Koichi Hashiratani (柱谷 幸一, Hashiratani Koichi) is a former Japanese football player and manager. He played for Japan national team. His younger brother Tetsuji Hashiratani is also a former footballer.

==Club career==
Hashiratani was born in Kyoto on 1 March 1961. After graduating from Kokushikan University, he started his senior career with Nissan Motors since 1983 and played with Nissan for 9 seasons until transferred to Urawa Reds in 1992, right before J1 League's inauguration. He experienced another transfer to Kashiwa Reysol, then playing in Japan Football League in June 1994. Kashiwa was promoted to J.League as of the end of 1994 season, and he also made his return to the top flight. After 2 1/2 seasons playing with Kashiwa, he retired as a player.

==National team career==
In August 1979, when Hashiratani was a Kokushikan University student, he was selected Japan U-20 national team for 1979 World Youth Championship. On 8 February 1981, he debuted for Japan national team against Malaysia. In 1982, he was selected Japan for 1982 Asian Games. He also played at 1984 Summer Olympics qualification and 1986 World Cup qualification. In September 1986, he was selected Japan for 1986 Asian Games. This Game was his last game for Japan. He played 29 games and scored 3 goals for Japan until 1986.

==Coaching career==
After obtaining J.League's S-grade coach license in 1999, Hashiratani started his coaching career with Montedio Yamagata, where he managed for 3 years from 2001 season to 2003 season. After 6 months of absence, he was named as a manager of Kyoto Purple Sanga in June 2004 when Kyoto was playing in the 2nd division, then contributed to Kyoto's promotion back to the top flight after the 2005 season. However, due to the poor performances and turnouts of the club, he was dismissed on 3 October about 2 months before the end of 2006 season.

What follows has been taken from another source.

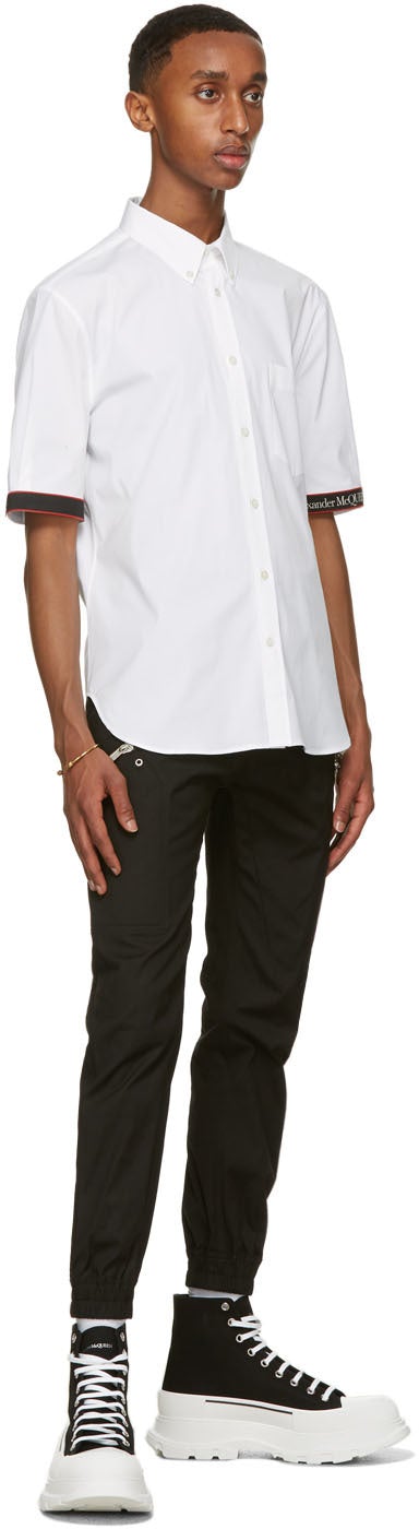 Short sleeve stretch cotton poplin shirt in white. Button-down spread collar. Button closure at front. Patch pocket at chest. Logo woven trim in white, red, and black at cuffs. Central box pleat at back. Shirttail hem. Logo-engraved tonal hardware. Supplier color: White Body: 97% cotton, 3% elastane. Trim: 100% polyester. Brand: Alexander McQueen

He was named as a manager of Tochigi SC playing in Japan Football League in 2007. After two seasons, he made Tochigi eligible to be promoted to J2 League as the club finished 2nd in 2008 season, but was dismissed because he was unable to reach the consent with top managements about his pay, as well as recruiting of new players.

He was named as a General Manager of Urawa in December 2009, but was dismissed due to Urawa's poor performance in 2011 season.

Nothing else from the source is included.